AIG Shares Tumble On Capital Concerns

By Zachary A. Goldfarb
Washington Post Staff Writer
Saturday, September 13, 2008

Shares of American International Group, the nation's largest insurance company, plunged yesterday on fresh fears that it will have trouble remaining on firm financial footing as a result of the turmoil in the mortgage market.

AIG's shares fell $5.41, or 31 percent, to $12.14, the lowest point in 15 years and 83 percent below the 52-week high reached in October. The company joined a handful of other big U.S. financial institutions in suffering severe declines this week. Shares of mortgage giants Fannie Mae and Freddie Mac, taken over by the government last weekend, and investment bank Lehman Brothers lost most of their value this week.

The company made no specific announcement yesterday to precipitate a sell-off. But concern has been growing about whether it will have to sell subsidiaries to raise capital.

Problems at AIG threaten to further reduce confidence in the financial markets already shaken by crises at other financial firms.

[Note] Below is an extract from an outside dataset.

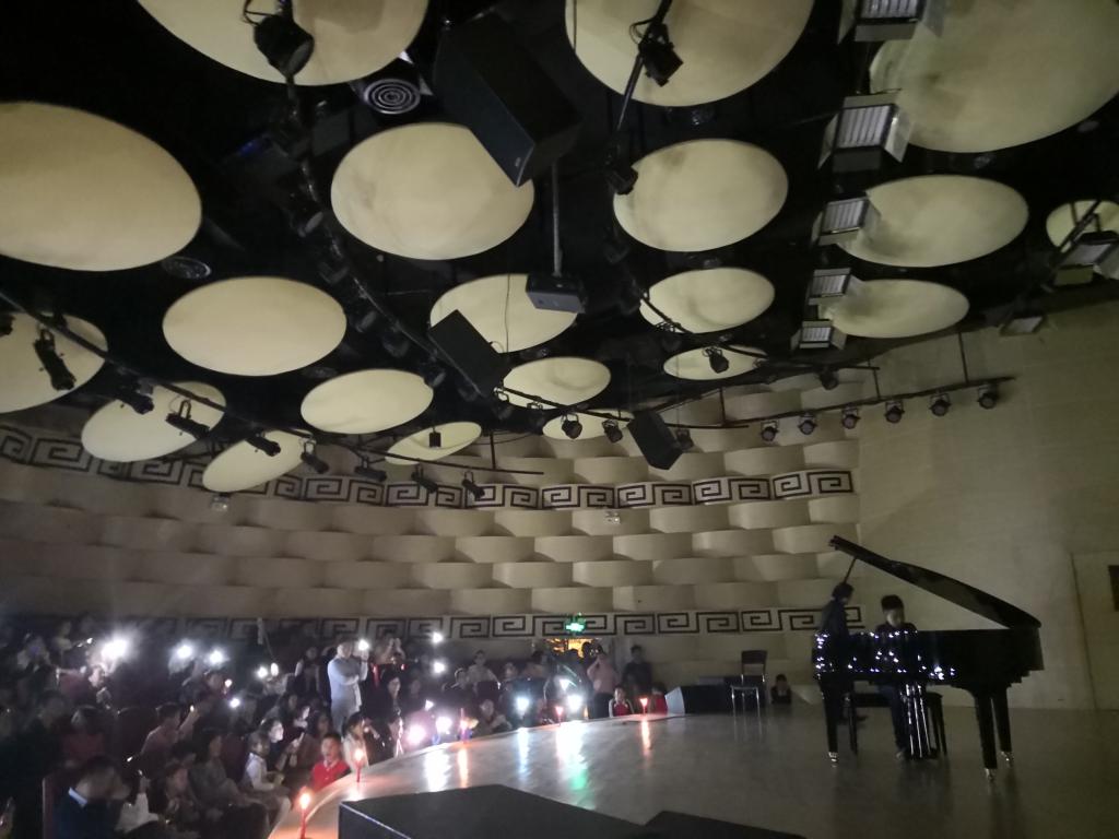 讲座中穿插了当晚响应全球提倡环保节能的熄灯一小时活动,音乐厅点起了浪漫的蜡烛,响起了动听的钢琴声 - 德彪西“月光”。表演嘉宾是李金星教授的爱徒,上过美国艾伦秀的网红神童王帅文Ryan Wang, 他细腻的演奏震撼了全场观众。

After the market closed, Standard & Poor's warned that it might lower its ratings on AIG's debt. S&P ratings are used by investors around the world to judge the safety of certain kinds of debt. Lowering the rating would likely force AIG to pay more for loans and could force the company to come up with more collateral to back some of its complex insurance policies.

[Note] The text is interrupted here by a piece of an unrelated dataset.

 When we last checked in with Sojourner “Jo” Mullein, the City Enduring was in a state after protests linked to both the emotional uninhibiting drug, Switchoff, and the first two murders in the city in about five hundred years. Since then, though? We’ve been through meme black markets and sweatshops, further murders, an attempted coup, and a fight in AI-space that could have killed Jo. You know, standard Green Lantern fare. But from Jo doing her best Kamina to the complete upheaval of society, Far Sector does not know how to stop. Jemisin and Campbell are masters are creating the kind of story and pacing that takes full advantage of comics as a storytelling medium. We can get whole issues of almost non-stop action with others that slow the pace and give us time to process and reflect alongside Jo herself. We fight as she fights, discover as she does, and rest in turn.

"We believe that AIG has sufficient capital and liquidity" to continue operations and fund insurance policies, S&P analyst Rodney Clark said in a statement. "However, additional market value losses will place some strain on the company's resources."

He added, "We now believe AIG's potential access to the capital market may be more restricted in the short term."

AIG spokesman Joseph Norton said the company is "working with a number of firms on a variety of options. We haven't announced the names of the firms or elaborated on the options."

AIG chief executive Robert Willumstad is scheduled to announce a three-month review of the company's strategy on Sept. 25. Earlier this year, AIG raised $7.5 billion in equity and $12.8 billion in debt. Some analysts expect Willumstad to announce a sale of some of the company's diverse subsidiaries, which offer a variety of insurance, from life insurance to workers compensation.

"AIG has numerous separate, legal entities that are insurance companies that are well capitalized in their own right and continue to operate just fine," said Gary Ransom, an analyst at Fox-Pitt Kelton.

The insurance causing AIG trouble, known as credit default swaps, covers losses on investments in certain kinds of securities. AIG made a big business of selling this insurance to cover losses in securities backed by mortgages.

As the mortgage market has melted down, AIG has been on the line to cover more of the losses, eating away at the firm's capital. Over the past nine months, AIG has posted $18.5 billion in losses.

Because of its many subsidiaries, several analysts said they don't believe AIG's financial condition warrants the dramatic stock drop of this week. But Gradient Analytics co-founder Donn Vickrey said AIG has repeatedly understated its exposure to the mortgage meltdown.

"When you see a big drop like that on one day and not much information is out there, you start wondering whether there's something pretty seriously wrong," he said.